Recently, researchers led by Dr. Xu Min from the South China Sea Institute of Oceanology, Chinese Academy of Sciences, in collaboration with their counterparts, utilized background noise data recorded by active-source seafloor seismometer profiles near the "Challenger Abyss" in the southern Mariana Trench to conduct shear wave velocity structure imaging. The findings were published in the "Journal of Geophysical Research: Solid Earth."
Dr. Zhang Yayun, the lead author of the paper and an assistant researcher at the South China Sea Institute of Oceanology, Chinese Academy of Sciences, explained that in traditional seismological studies, data from active-source seafloor seismometers are primarily used to detect longitudinal wave structural information of the oceanic lithosphere, while background noise signals are often underutilized. Background noise imaging typically requires long-duration data from land-based seismic arrays to obtain high-quality empirical Green's functions through stacking multiple cross-correlated waveforms, and then to invert for shear wave velocity. However, the recording duration of active-source seafloor seismometer data is usually only 1-3 weeks, making it extremely challenging to extract reliable surface wave signals from short-duration noise waveforms.
It was learned that Dr. Xu Min's team, in collaboration with Dr. Lin Jian, a specially appointed researcher at the South China Sea Institute of Oceanology, Chinese Academy of Sciences, Dr.
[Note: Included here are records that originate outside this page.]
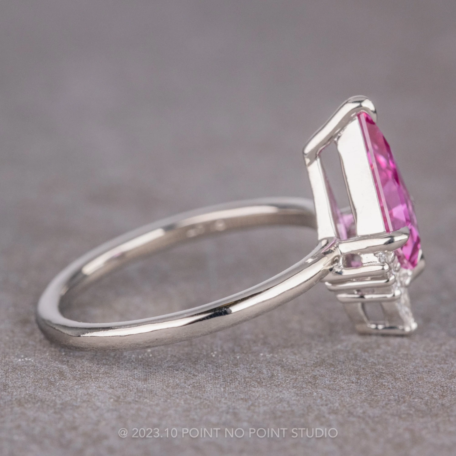 The entire ring is made of recycled platinum; the 1.7mm round ring band is extremely comfortable to wear. The prong setting for the stone was made to be slightly raised with a basket profile to highlight and accommodate the gemstone.
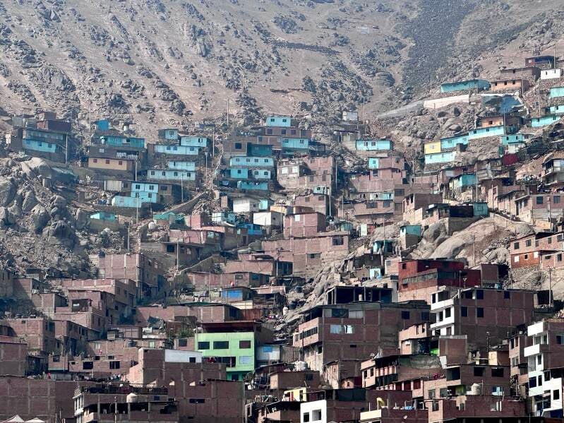 Miguelangel sagt, für die Menschen sei die Alternative, hier oben am Hang zu wohnen oder unten an der vielbefahrenen und dreckigen Straße. Sie ziehen offensichtlich die Höhe vor, auch wenn es wohl Strom, aber nicht unbedingt Wasser gibt.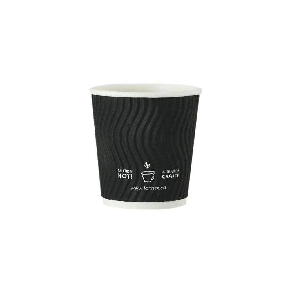 Tannex Double Wall Ripple Paper Coffee Cup, 4oz/118ml, Black, 1000 Pack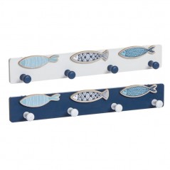 Percehero of blue color. Made up of 4 white hangers. Contains details on the top in the shape of multi-colored fish.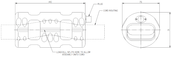 The loadcell could be assembled around the cord such that there was no need to de-tension or decouple the cord and no need to manufacture special end terminations. Two versions were manufactured for different sizes of rope. The total mass of the 50,000lbf sensor was no more than 1.25kg, with an overall diameter no more than 50% larger than the cord itself.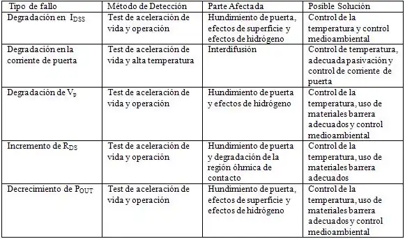 - Efectos del hidrógeno: Produce degradaciones de IDDS, VP, gm y POUT. Se da en recipientes encapsulados herméticamente en condiciones de hidrógeno. Se cree que el hidrógeno atómico se difunde en los canales de GaAs y formas Si-H, neutralizando los donantes, lo que puede reducir la concentración de portadores en el canal, que, a su vez, puede disminuir la fuga de corriente, transconductancia y la ganancia del dispositivo. Algunas de las posibles soluciones incluyen tratamiento térmico de los materiales de empaquetado para reducir la cantidad de hidrógeno a partir del empaquetado hermético, y el uso de barreras materiales que no contengan las estructuras Pt / Ti o Pd / Ti. Estas soluciones tienen limitaciones y los posibles problemas de inestabilidad que deben ser plenamente corregidos antes de su aplicación en entornos de alta fiabilidad.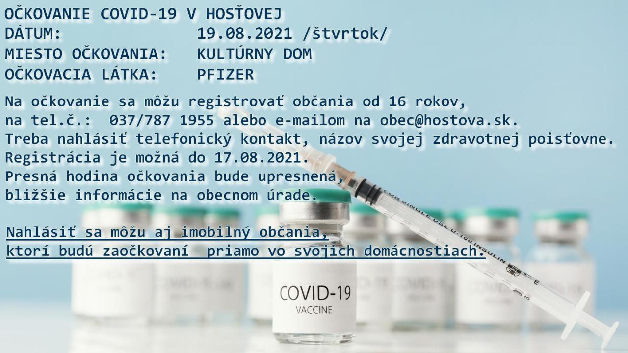SK: OČKOVANIE COVID-19 HOSŤOVÁ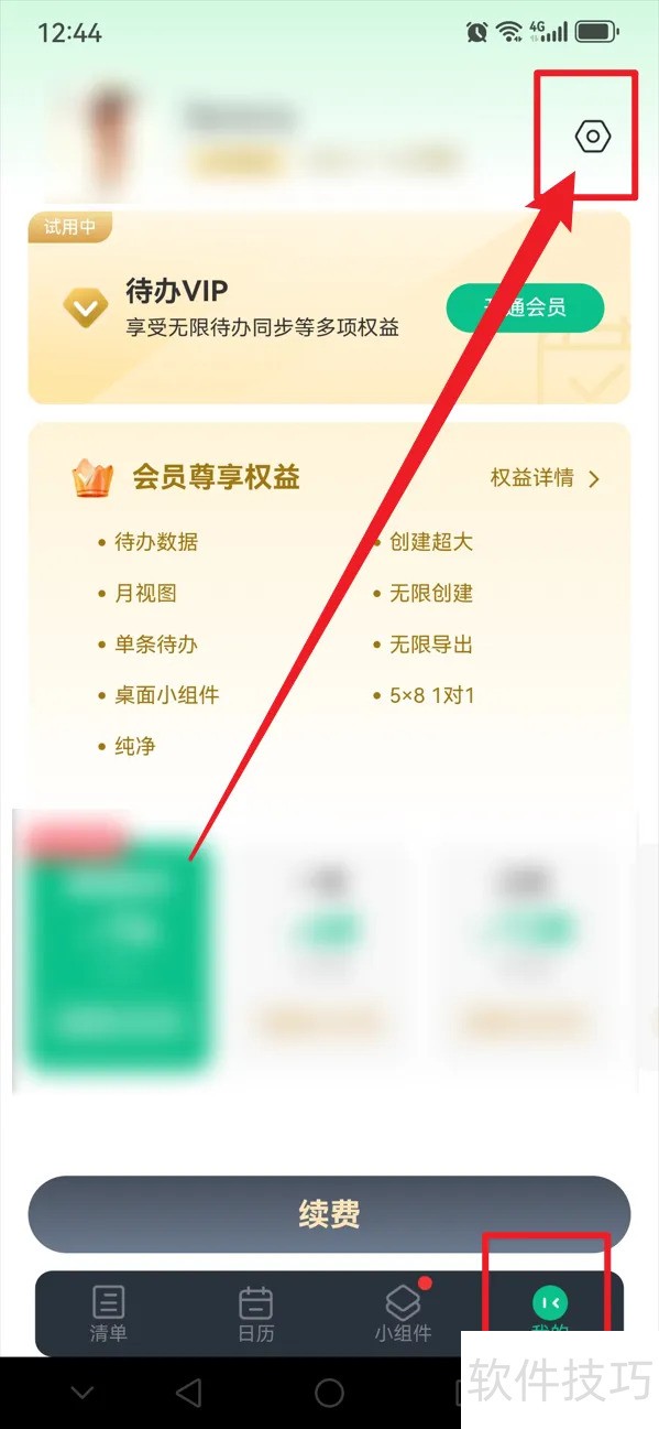 1、 第一步:打开小智桌面日历,选择进入【我的】界面,点击【设置】图标。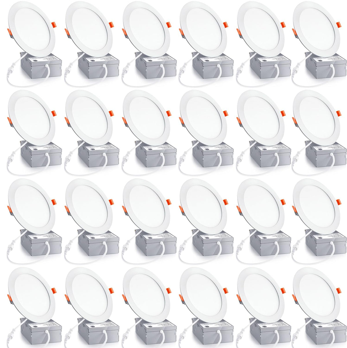 24Pack 6 Inch Ultra-Thin LED Recessed Ceiling Light with Junction Box, 5000K Clear White, 12W 110W Eqv, Dimmable Downlight, 1050LM High Brightness recessed lighting 6 inch,5-Year Warranty!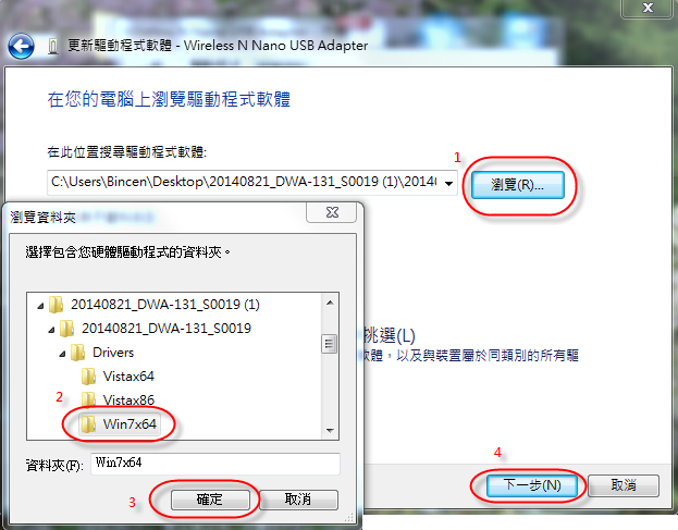 9.瀏覽à『選擇您驅動程式擺放位置』點確定後,下一步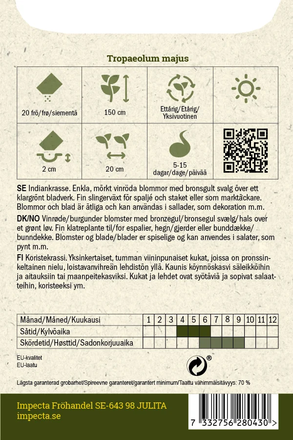 Indiankrasse. Enkla, mörkt vinröda blommor med bronsgult svalg över ett klargrönt bladverk. Fin slingerväxt för spaljé och staket eller som marktäckare. Blommor och blad är ätliga och kan användas i sallader, som dekoration m.m.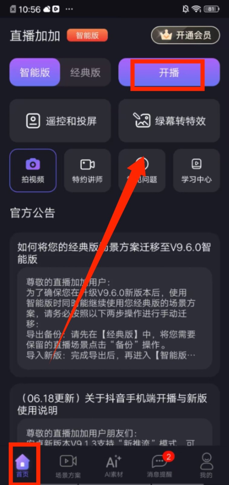 1、进入首页,点击右上角 “开播” 按钮,可开启直播相关操作,也能使用遥控投屏、绿幕特效等功能。
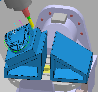 万向锁定是多轴机床的特定配置,当刀轴因一个或多个刀具路径点的位置而与至少一个旋转轴对齐时,会出现此问题。此配置会导致不必要的移动,原因是,在靠近万向锁定位置时,刀轴的微小调整可能需要旋转轴发生较大变化。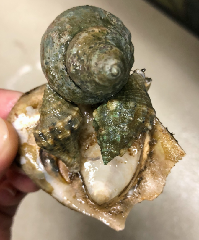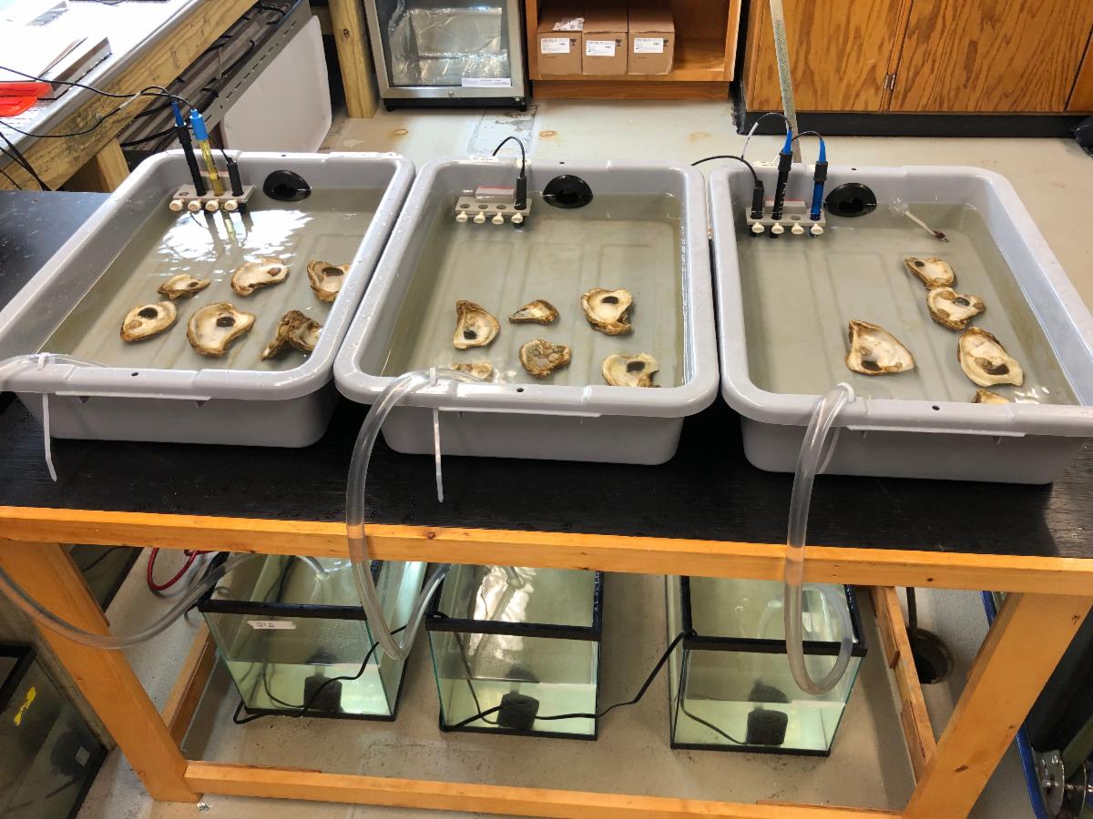 Dr. Andy Shantz and graduate student Donaven Baughman have been examining the effect of salinity on juvenile oysters. Results show that spat survival is significantly lower in high salinity contexts. In addition, oysters exposed to chemical cues from predatory oyster drills showed evidence of increasing shell thickness, possibly as a defense mechanism.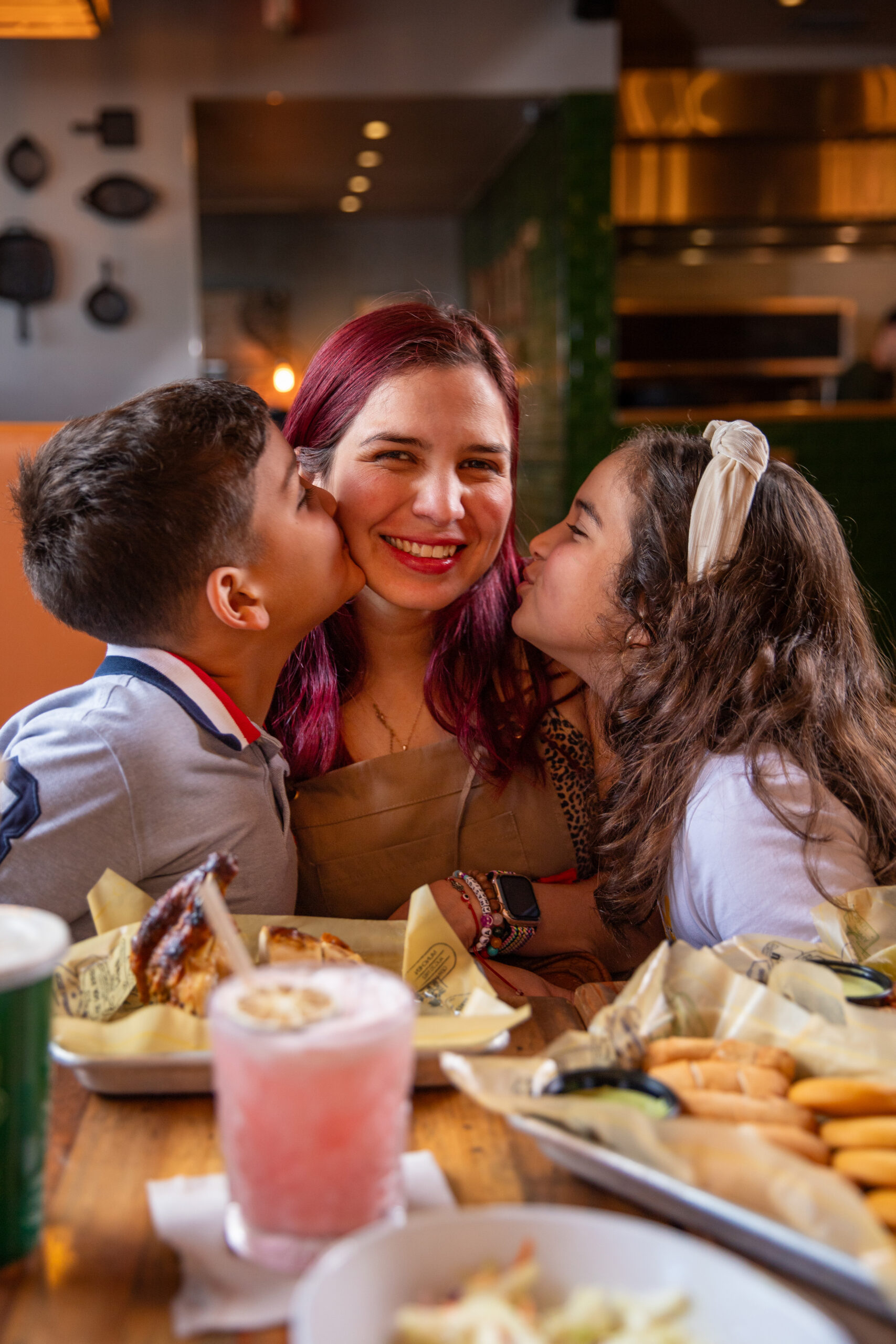Two children kiss a smiling woman at a restaurant table with food in front of them.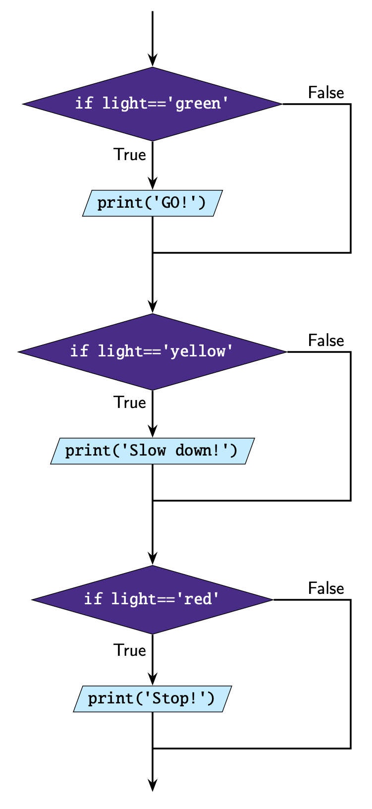 IF light == 'green' THEN Display 'GO!' ELSEIF light == 'yellow' THEN Display 'Slow down!' ELSEIF light == 'red' THEN Display 'Stop!' ENDIFIF light == 'green' THEN Display 'GO!' ELSEIF light == 'yellow' THEN Display 'Slow down!' ELSE Display 'Stop!' ENDIFIF light == 'green' THEN Display 'GO!' ELSE IF light == 'yellow' THEN Display 'Slow down!' ELSE IF light == 'red' THEN Display 'Stop!' ELSEIF light == 'green' THEN Display 'GO!' ENDIF IF light == 'yellow' THEN Display 'Slow down!' ENDIF IF light == 'red' THEN Display 'Stop!' ENDIF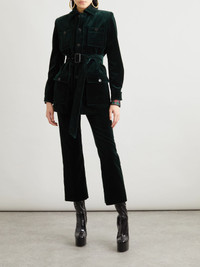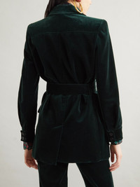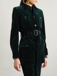 Anthony Vaccarello's work at SAINT LAURENT is the perfect balance between masculine and feminine. This jacket is cut from plush velvet in a structured, safari-style profile, which was also a favorite of founder Yves. It was shot in the Pre-Fall '25 lookbook with the matching pants and platform boots. Size & Fit - Fits true to size, take your normal size - Designed for a slightly loose fit, use the tie belt to cinch in at the waist - Mid-weight, non-stretchy fabric - Model is 180cm/ 5'11" and is wearing a FR 36 Model measurements: - Bust: 79cm/ 31" - Waist: 60cm/ 23.5" - Hip: 86cm/ 34" Details & Care - Dark-green velvet - Button fastenings through front - 65% viscose, 35% cupro - Dry clean

Qiu Xuelin, a researcher, and Professor Yang Hongfeng from the Chinese University of Hong Kong, utilized innovative methods. They employed short-duration cross-correlation techniques to obtain a sufficient number of cross-correlated waveforms and used a method of selecting stacked high signal-to-noise ratio cross-correlated waveforms to effectively eliminate the influence of local unknown seismic sources, meeting the requirements of the diffuse wave field. Additionally, they improved the quality of the final Green's functions using time-frequency domain phase-weighted stacking techniques.
Applying this data processing workflow to active-source seafloor seismometer profiles in the southern Mariana Trench, researchers obtained high-quality Green's functions and successfully extracted surface wave dispersion data. Through the inverted velocity model, they revealed the structural characteristics of the region, particularly the low-velocity zone at the top of the mantle on the subducting slab. Estimation results of water content indicated that the degree of serpentinization in this region is significantly higher than that in the central and northern parts of the Mariana Trench, a finding consistent with results obtained from dynamic simulations and seismic relocations.
"We innovatively utilized short-duration active-source data recordings for successful passive-source seismic imaging," said Dr. Xu Min, the corresponding author of the paper. This study not only provides the possibility of reusing a large amount of existing active-source seafloor seismometer data but also demonstrates that this method remains effective even with inter-station spacings exceeding 400 kilometers. Moreover, this method is equally applicable to passive-source seafloor seismometer data, capable of obtaining high signal-to-noise ratio cross-correlated waveforms, providing a solid data foundation for more refined imaging work, such as waveform fitting.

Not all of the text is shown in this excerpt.